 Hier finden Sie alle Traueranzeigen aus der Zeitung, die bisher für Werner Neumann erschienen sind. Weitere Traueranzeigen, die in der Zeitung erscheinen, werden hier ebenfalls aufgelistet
--
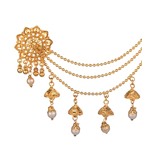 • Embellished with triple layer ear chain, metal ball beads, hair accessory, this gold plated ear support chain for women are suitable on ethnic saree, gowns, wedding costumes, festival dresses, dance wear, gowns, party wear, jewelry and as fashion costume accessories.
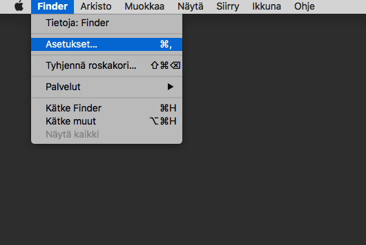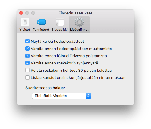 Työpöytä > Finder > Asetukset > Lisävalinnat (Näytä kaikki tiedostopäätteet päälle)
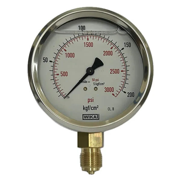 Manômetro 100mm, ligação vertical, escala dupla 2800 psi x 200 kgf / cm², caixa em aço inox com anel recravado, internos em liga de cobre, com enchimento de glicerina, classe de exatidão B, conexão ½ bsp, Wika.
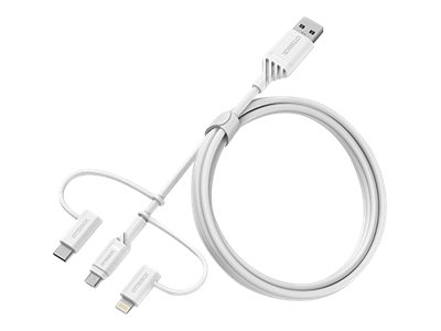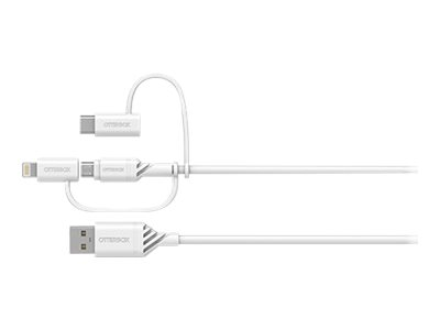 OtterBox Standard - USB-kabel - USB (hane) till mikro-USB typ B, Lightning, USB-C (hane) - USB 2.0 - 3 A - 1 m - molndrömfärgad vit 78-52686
--
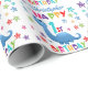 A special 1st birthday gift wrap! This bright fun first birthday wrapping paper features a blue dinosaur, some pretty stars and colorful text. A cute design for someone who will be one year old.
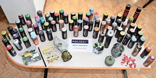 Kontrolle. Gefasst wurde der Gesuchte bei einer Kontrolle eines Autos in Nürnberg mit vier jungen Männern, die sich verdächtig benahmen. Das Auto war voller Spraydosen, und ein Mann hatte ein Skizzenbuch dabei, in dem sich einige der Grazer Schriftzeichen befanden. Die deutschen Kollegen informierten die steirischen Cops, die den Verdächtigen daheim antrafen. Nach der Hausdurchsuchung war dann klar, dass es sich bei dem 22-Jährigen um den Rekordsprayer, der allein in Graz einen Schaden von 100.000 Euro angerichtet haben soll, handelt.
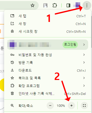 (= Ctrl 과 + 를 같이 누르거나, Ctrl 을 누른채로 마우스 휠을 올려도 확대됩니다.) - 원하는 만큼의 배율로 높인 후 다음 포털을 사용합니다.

▶ Work instruction:
In the data above, find the line containing "fashion costume accessories." and the line containing "OtterBox Standard - USB-kabel". Copy exactly the stretch from the first through the second, both included, leaving out any picture.

▶ Response for this exercise:
 • Embellished with triple layer ear chain, metal ball beads, hair accessory, this gold plated ear support chain for women are suitable on ethnic saree, gowns, wedding costumes, festival dresses, dance wear, gowns, party wear, jewelry and as fashion costume accessories.
 Työpöytä > Finder > Asetukset > Lisävalinnat (Näytä kaikki tiedostopäätteet päälle)
 Manômetro 100mm, ligação vertical, escala dupla 2800 psi x 200 kgf / cm², caixa em aço inox com anel recravado, internos em liga de cobre, com enchimento de glicerina, classe de exatidão B, conexão ½ bsp, Wika.
 OtterBox Standard - USB-kabel - USB (hane) till mikro-USB typ B, Lightning, USB-C (hane) - USB 2.0 - 3 A - 1 m - molndrömfärgad vit 78-52686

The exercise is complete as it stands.